◆ Exercise goal ◆
Down to the last line, reproduce the data that follows, but skip the pictures.

Top of Records to use

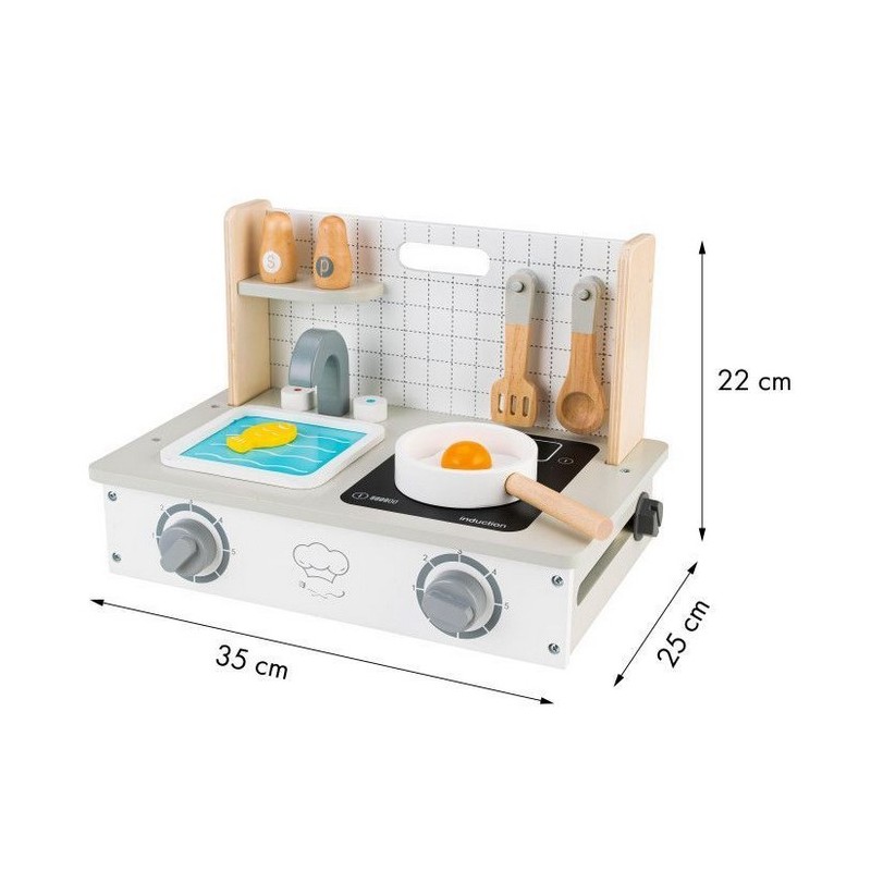 Mini bucataria reflecta perfect caracterul unei adevarate bucatarii. Detaliile bine alese fac ca copilul sa se joace cu ea ore intregi. Butoanele emit un sunet de "click" dinstinct, care adauga realism experietei de gatit.
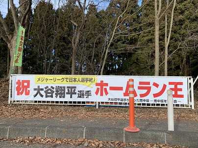 奥州市立姉体小学校は田園地帯にあります。門から立ち入らず遠望した横断幕には「 頑張れ!大谷選手 僕らの希望 二刀流大谷選手の母校 奥州市立姉体小学校 」と。子どもたちの誇りですね。
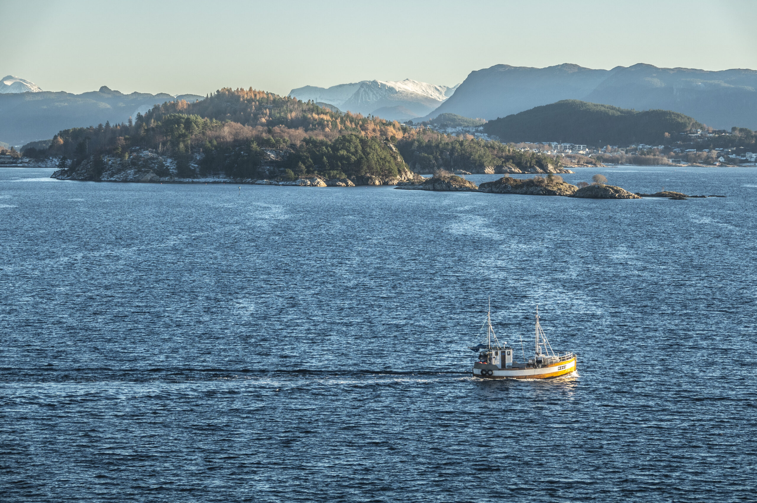 Liten fiskebåt på Borgundfjorden ved Ålesund.
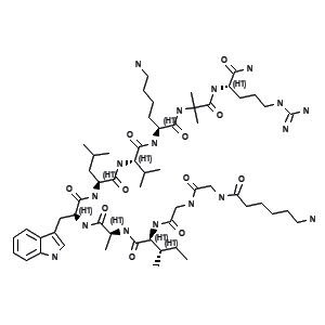 SMILES: | NCCCCCC(NCC(NCC(N[C@@H]([C@@H](C)CC)C(N[C@@H](C)C(N[C@@H](CC1C2=CC=CC=C2NC=1)C(N[C@@H](CC(C)C)C(N[C@@H](C(C)C)C(N[C@@H](CCCCN)C(NC(C)(C)C(N[C@@H](CCCNC(N)=N)C(N)=O)=O)=O)=O)=O)=O)=O)=O)=O)=O)=O |
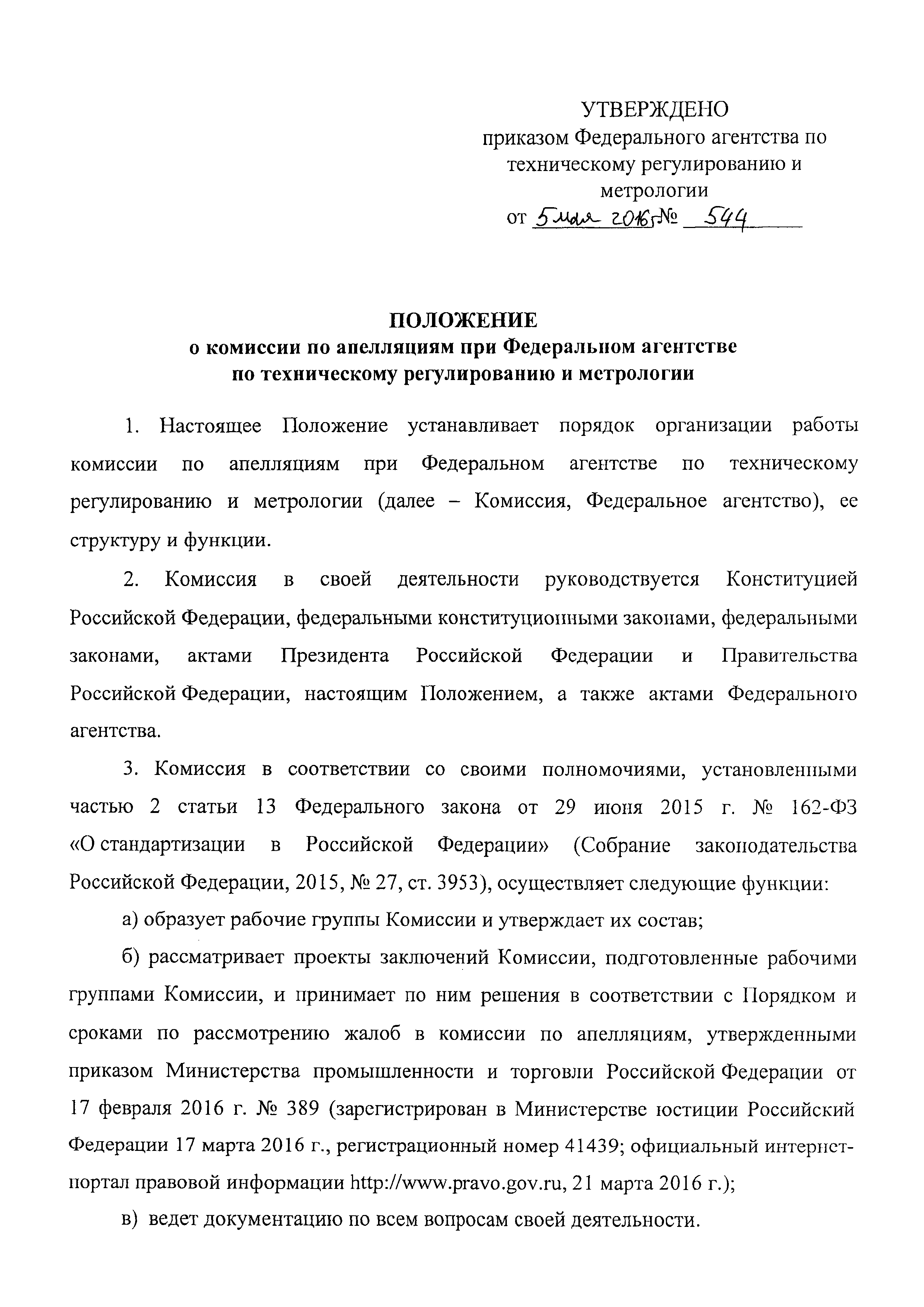 | Название рус.: | Положение о комиссии по апелляциям при Федеральном агентстве по техническому регулированию и метрологии |

Bottom of Records to use

◆ Task output ◆
 Mini bucataria reflecta perfect caracterul unei adevarate bucatarii. Detaliile bine alese fac ca copilul sa se joace cu ea ore intregi. Butoanele emit un sunet de "click" dinstinct, care adauga realism experietei de gatit.
 奥州市立姉体小学校は田園地帯にあります。門から立ち入らず遠望した横断幕には「 頑張れ!大谷選手 僕らの希望 二刀流大谷選手の母校 奥州市立姉体小学校 」と。子どもたちの誇りですね。
 Liten fiskebåt på Borgundfjorden ved Ålesund.
 SMILES: | NCCCCCC(NCC(NCC(N[C@@H]([C@@H](C)CC)C(N[C@@H](C)C(N[C@@H](CC1C2=CC=CC=C2NC=1)C(N[C@@H](CC(C)C)C(N[C@@H](C(C)C)C(N[C@@H](CCCCN)C(NC(C)(C)C(N[C@@H](CCCNC(N)=N)C(N)=O)=O)=O)=O)=O)=O)=O)=O)=O)=O)=O |
 | Название рус.: | Положение о комиссии по апелляциям при Федеральном агентстве по техническому регулированию и метрологии |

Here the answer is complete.